Assistant Secretary of Veterans Affairs for Public and Intergovernmental Affairs
- In office January 20, 2021 – June 17, 2022
- President: Joe Biden
- Secretary: Denis McDonough
- Succeeded by: Brenda Sue Fulton

Personal details
- Born: Kayla M. Williams September 14, 1976 (age 49) Columbus, Ohio, U.S.
- Alma mater: Bowling Green State University (BA) American University (MA)
- Occupation: Linguist; government official; former intelligence specialist; author;
- Allegiance: United States of America
- Branch: United States Army
- Service years: 2000–2020
- Rank: Interpreter; linguist; signals intelligence operations specialist;

= Kayla Williams (author) =

American writer (born 1976)

Kayla Maureen Williams is an American government official and a former Arabic linguist in the United States Army who wrote her experiences of the 2003 Iraq invasion in her book Love My Rifle More Than You. This book details her personal experiences during the war in Iraq.

==Background==
Kayla Maureen Williams was born to R. Darby Williams and Norma Jane (Spirit) Williams on September 14, 1976, in Columbus, Ohio. Her father was an English Professor and her mother was an artist. Williams' parents divorced a year or so after she was born, and she was raised by her mother. She got to travel around much of the United States with her family and also had the chance to go to France.

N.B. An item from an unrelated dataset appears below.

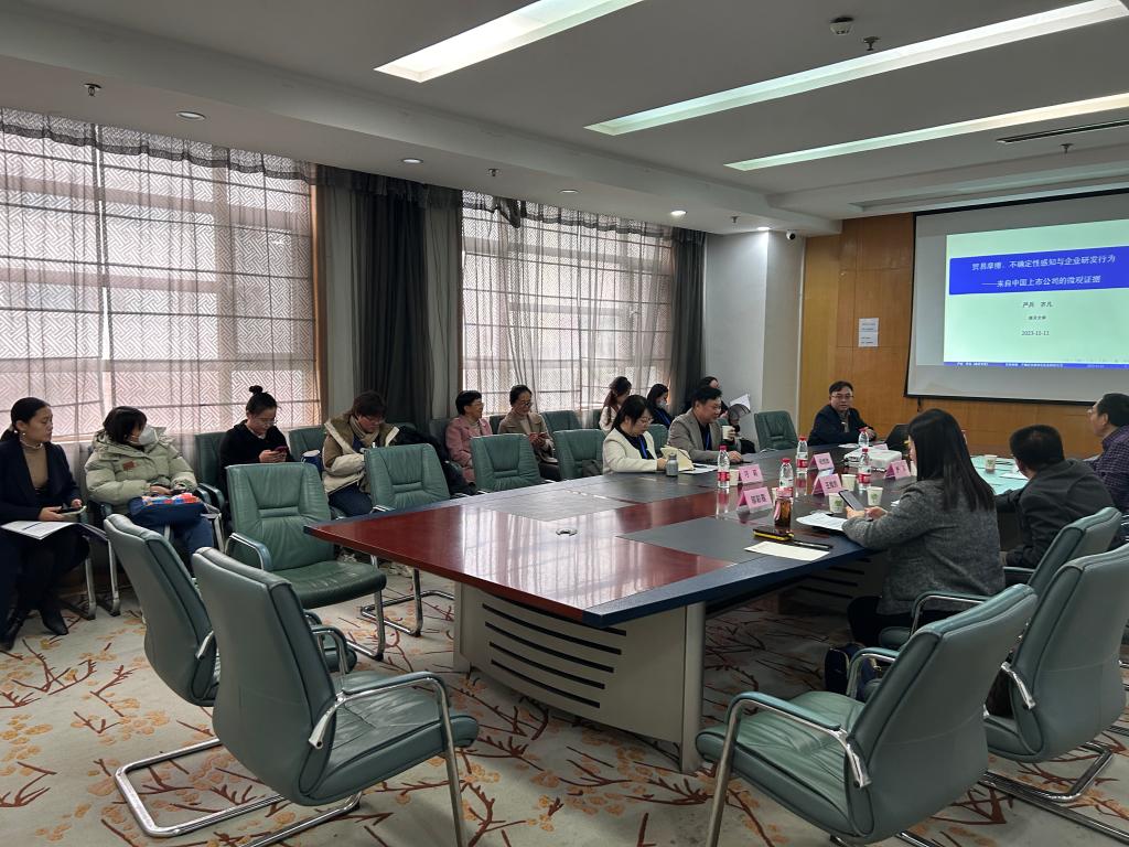 副教授刘磊分享了论文《国内价值链分工与制造业“低端锁定”破局-基于创新数量和质量的视角》。参会者围绕上述报告展开了深入且富有建设性的讨论与交流。

Williams attended Learning Unlimited and Ecole Francaise for elementary and middle school and then attended Fort Hayes High School. She was a relatively happy child until high school where she joined the "punk" scene. Williams grew up without much money, so she "saw the disparity between the rich and the poor". She felt like an outsider, and the punk scene was a way of choosing to reject society instead of letting it reject her. Also, she enjoyed the music the punk scene offered because it made her feel "cool".

Williams graduated cum laude from Bowling Green State University in 1997 with a BA in English Literature, and with an MA in International Relations at American University.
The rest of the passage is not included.